MaxDB - Performance

This section will discuss the means and methods for recognizing, analyzing and eliminating performance bottlenecks, we start with discussing how the B* tree structures work and how indexing works in MaxDB

Database performance is affected by the speed of your SQL statements are processed, thus tuning bad SQL queries will enhance the performance. Each SQL query has a cost to execute the statement, the less cost the better tuned the SQL statement resulting in better performance. Expensive SQL example are

Query large datasets with a potentially high percentage of redundant data
One or more tables need to be scanned for their execution

The system generates a new execution plan for each request and defines the type of access to the data, it can either scan the entire table or use data structures to accelerate the scanning processing.

Indexes

Databases are growing to a very large size, keeping all the data in memory is impossible, thus accessing disks decreases system performance. The database optimizer decides on the best strategy that requires the least number of disk accesses.

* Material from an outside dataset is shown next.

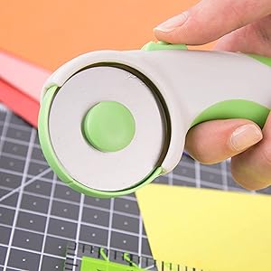 - *ERGONOMIC* The Soft Grip 45mm Rotary Cutter Has An *ANTI SLIP HANDLE* And *SAFETY LOCK* Allowing You To Cut Through Card And Most Fabrics With Ease And With Less Fatigue – The Cutter Is A Natural Fit For Your Hand
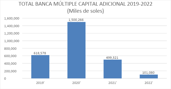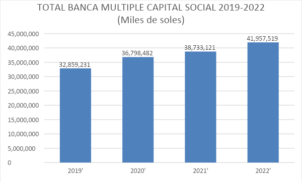 Observamos en el gráfico N°2 que el capital social de la banca múltiple se ha incrementado en el año 2022 en 8.32% respecto al año 2021y en el año 2021 en 5.26% respecto al año 2020.

The data structure is a tree, most databases use this structure, it is often referred as the relational database model. B* trees in MaxDB reference real keys, because each node occupies a complete page in the background memory, the system can store many of these reference keys in one node. Real keys are assigned to the data at the lowest level, the leaf level. At this level the system implements another optimization of the data structure for sequential reading, each background memory page contains additional references to the previous and the next page (like a linked list), that means one you have your entry point you just follow the sequential references.

The algorithms for adding and deleting data are always balanced, this means the distance from the root of the tree to any leaf (data record) is always the same.

MaxDb uses B* trees that are directly stored in tables, the tree is created from the bottom (leaf level), this level contains the data records is ascending order according to the primary key. The index level nodes are determined from the values of the leaf level, if the system reaches the end of a page at the leaf level it creates a new entry at the index level.

The creation of the primary index continues until all references fit on one page, the root page. If you add data records and the references no longer fit on the page at the root level, the system divides the root page and coverts the resulting pages into index pages to which the root page references. B* tree do have limitations which is restricted to a height of four index levels and one root level.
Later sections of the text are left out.